Muriel St. Clare Byrne OBE (1895–1983) was an English historical researcher, specialising in the Tudor period and the reign of Henry VIII.

==Family==
Born Hoylake, Cheshire, England 31 May 1895, she was the granddaughter of the naval architect and yacht designer St Clare John Byrne with whom she and her mother lived when her father (Henry) died in 1905. Her mother was Artemisia Desdemona Burtner (1868–1923) from Muscatine, Iowa, USA.

Her life partner was Marjorie 'Bar' Barber, and she was also lovers with Mary Aeldrin Cullis.

==Education==
Belvedere School, Liverpool; Somerville College, Oxford, B.A. 1916, M.A 1920. Oxford did not grant degrees to women until 1920, but she would have completed the academic requirements in 1916.

==Career==
She was assistant tutor in English at Somerville College in 1919 and lecturer at the Army Education School, Rouen, France, 1918–19. She then taught at Morley College and the University of London. From 1920 to 1925 she served as coach for final honours at Oxford and from 1920 to 1927 she lectured at Oxford's University Extension in London. She held a lectureship at the Royal Academy of Dramatic Art, London, specialising in Elizabethan theatre and eventually became a governor of the Royal Shakespeare Theatre.

==Published works==

Byrne devoted a lifetime to the study of Tudor England, gathered together and edited primary sources and published these, including the Lisle Letters, and the Letters and Papers of the Reign of Henry VIII, as well as publishing books which were entirely her own work, such as Elizabethan Life in Town and Country, Elizabethan Home and Common or Garden Child.

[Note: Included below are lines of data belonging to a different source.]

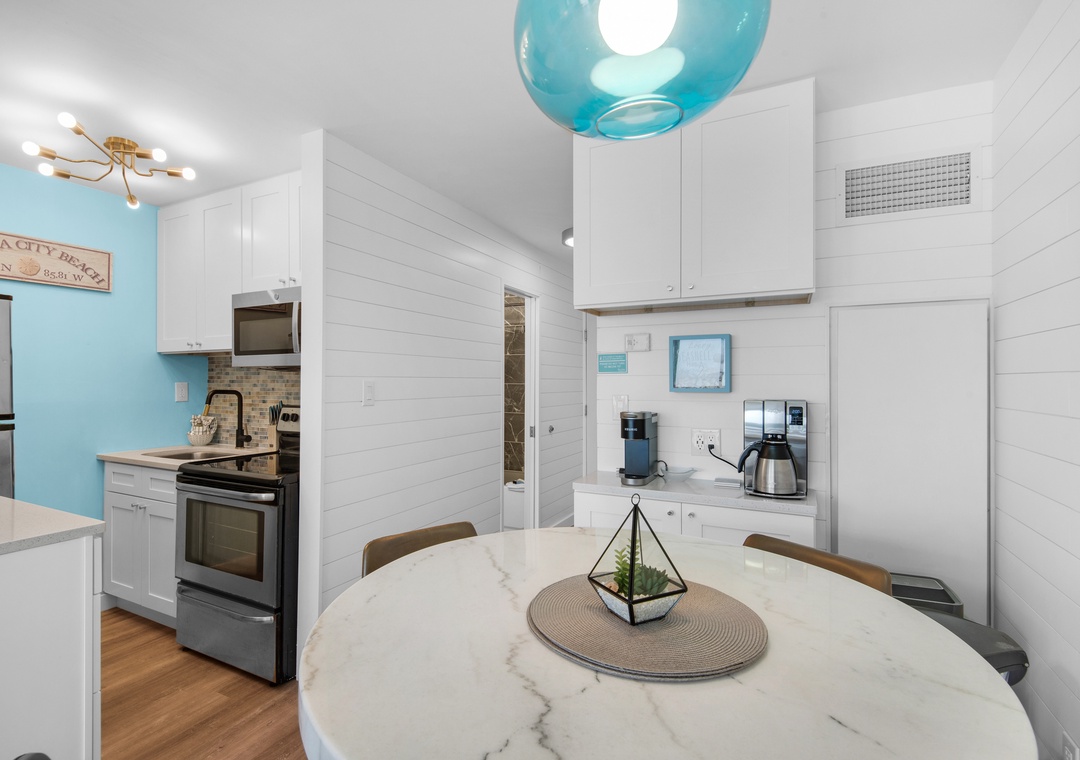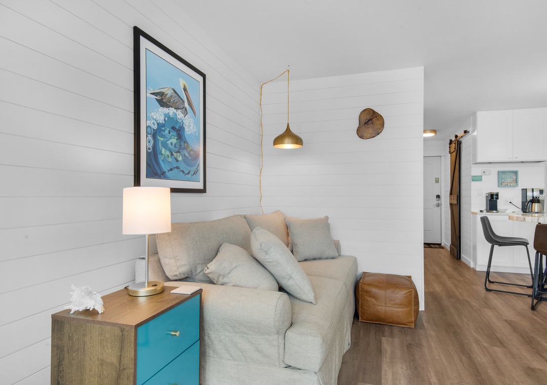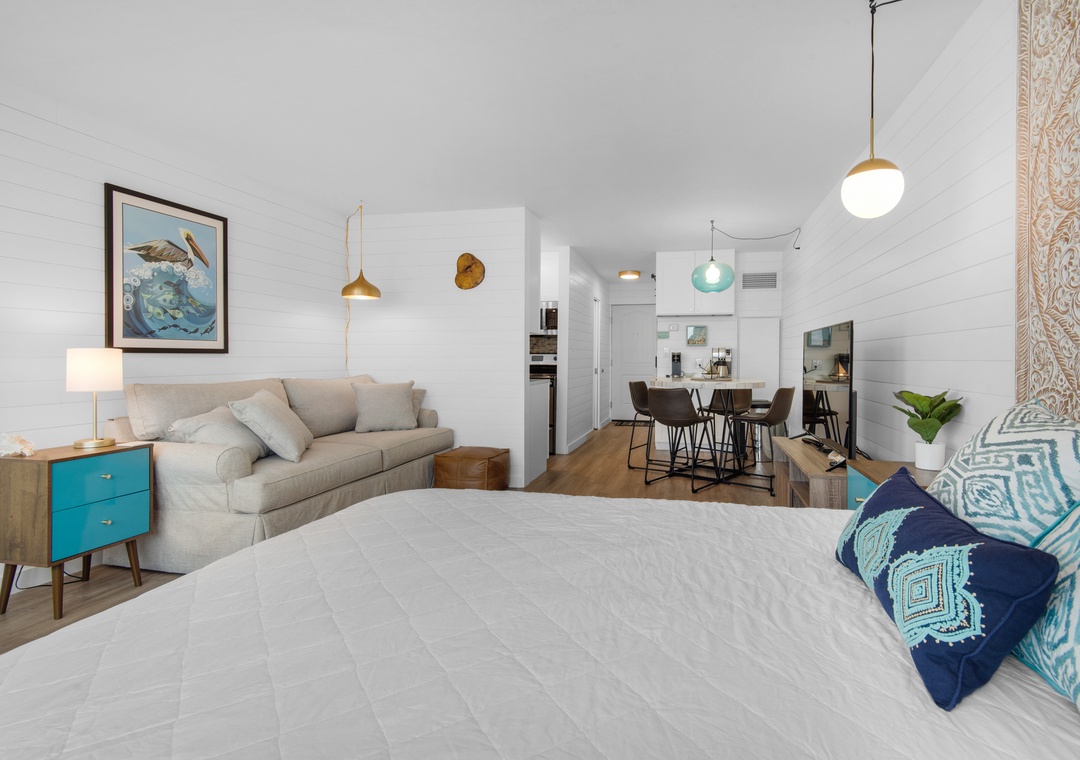 Welcome to Pelican Retreat, this beautifully renovated studio at Top of the Gulf 713 is perfect for a small family getaway, a romantic retreat for two, or even a solo journey to relax and recharge. Unwind on the California king bed and new queen sleeper sofa to sleep up to 4 guests. A fully equipped kitchen with new cabinets and quartz counter-tops, a coffee bar, Smart TV, WiFi, a full bath, and a closet with plenty of organization will make you want to extend your stay. This condo looks directly out over the beach and community pool, and you can open the large picture window to hear the waves! Walk to the stunning white sand beach, hang out at the pool, or enjoy one of several cozy places to kick back, unwind, and enjoy the view of the ocean from this 7th-floor condo. Come visit Pelican Retreat for your next getaway!
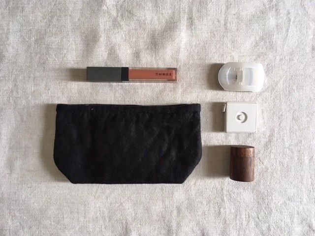 外出時の化粧ポーチの中には、THREEのリップグロス、携帯用ビューラー、オールインワンクリーム(写真:茶色の筒)、メジャー。化粧直しが必要になりそうなときだけ、チークやアイシャドウなどを追加するそうです。
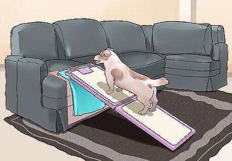 Pick a ramp for a couch. Couch ramps are an increasingly popular way for dogs, especially senior dogs, to access couches. Couch ramps make it easier for dogs to get on and off couches without jumping or struggling. Make sure you measure the distance between the floor and the top of the cushions on your couch so you know what size ramp to get. Consider the material the couch is made of. You may need to drape a blanket over the part of the couch the ramp connects with in order to prevent damage to the couch. If your couch is on hardwood or tile, you may need to purchase a rug or some sort of adhesive aid to prevent the ramp from moving as your dog walks up it.
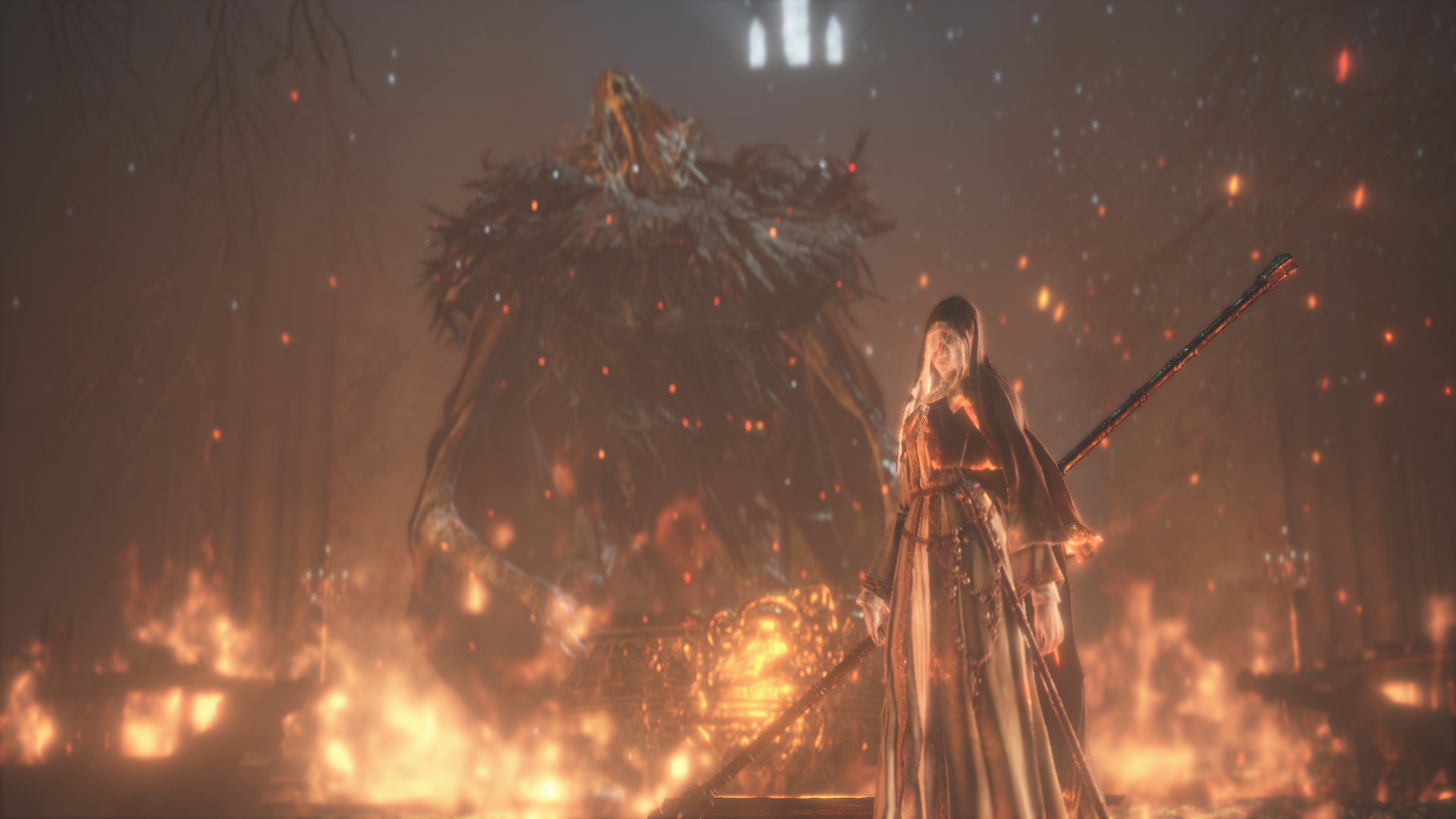 玉座を捨てた薪の王たちとの激戦の末、彼ら(の一部)を玉座へと戻し、はじまりの火の炉へと歩みを進める主人公「灰の人」。そこで待つ最初にして最後の者と出会い、剣で語る。
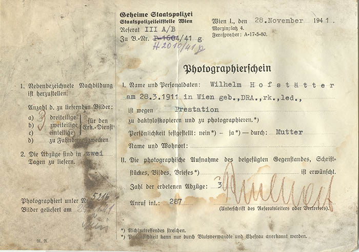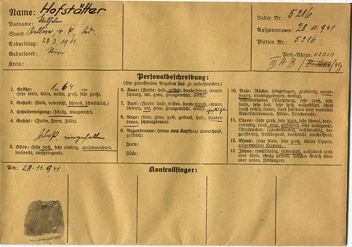 Der Kellner Wilhelm Hofstätter meldete sich in Frankreich zum unbewaffneten militärischen Arbeitsdienst (service de prestation). Er wurde am 28. 11. 1941 wegen "Prestation" von der Gestapo Wien erkennungsdienstlich erfasst.
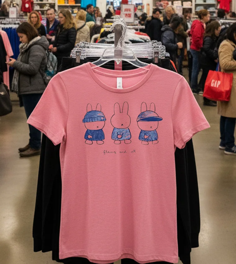 What really sets this tee apart is that adorable, yet edgy, Miffy graphic. It’s not just a cute bunny; it’s an iconic figure re-imagined with a K-pop twist, giving it a playful, almost subversive charm. The design isn’t loud or flashy; instead, it’s subtle, making it incredibly versatile. It just feels right, ya know? When you slip it on, the fabric instantly puts you at ease – no stiffness here! It’s got that perfect lived-in feel from day one. This tee isn’t just comfortable; it’s a style chameleon. Pair it with ripped jeans and chunky sneakers for a classic streetwear vibe, or dress it up a notch with a tailored blazer and some sleek trousers for an unexpected high-low look that’s totally in right now. Layer it under a flannel, tie it around your waist, or simply let it shine on its own. It’s the kind of piece you reach for when you want to feel effortlessly cool and authentically you. Seriously, it’s a game-changer for your wardrobe. Don’t wait—this tee is the perfect gift for anyone who loves unique style and fantastic music!
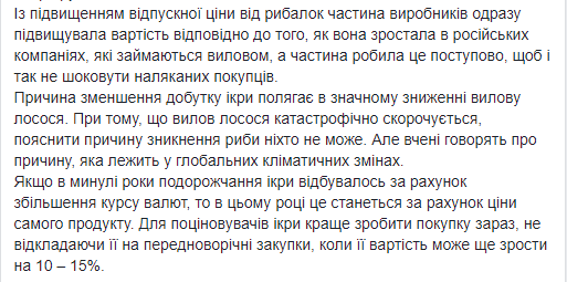 Если в прошлом году подорожание икры происходило за счет увеличения курса валют, то в этом году это произойдет за счет цены самого продукта. В связи с глобальными климатическими изменениями происходит значительное уменьшение вылова лосося и увеличение его цены.

A not-unfaithful record.

The Lisle letters are the correspondence of Arthur Plantagenet, 1st Viscount Lisle, consisting of 3000 letters. These were seized on the orders of Henry VIII when Lisle was accused of treason and sent to the Tower of London. They were discovered by Byrne in the London Public Record Office, neglected and largely undiscovered down the centuries. She felt these works, that detailed an important period in the reign of Henry VIII, should be made available to the public. However, the difficulties with deciphering the handwriting and the inconsistent spelling, resulted in Byrne spending almost 50 years producing the six volumes of her work. It has been described as the masterpiece of Byrne's career, woven together by her commentary. It required donations from many people including Queen Elizabeth II, to get the work published in 1981 on Byrne's 86th birthday.

A friend of Dorothy L. Sayers from their days at Somerville, she co-wrote the play upon which Sayers's novel Busman's Honeymoon was later based. She was credited within the book as one of the contributors to material published as The Wimsey Family by Wilfrid Scott-Giles, a mock-history of the Wimsey family.

She died 2 December 1983 and was buried in Marylebone Cemetery, London.

She left a collection of her papers, correspondence and photographs to Somerville College Library.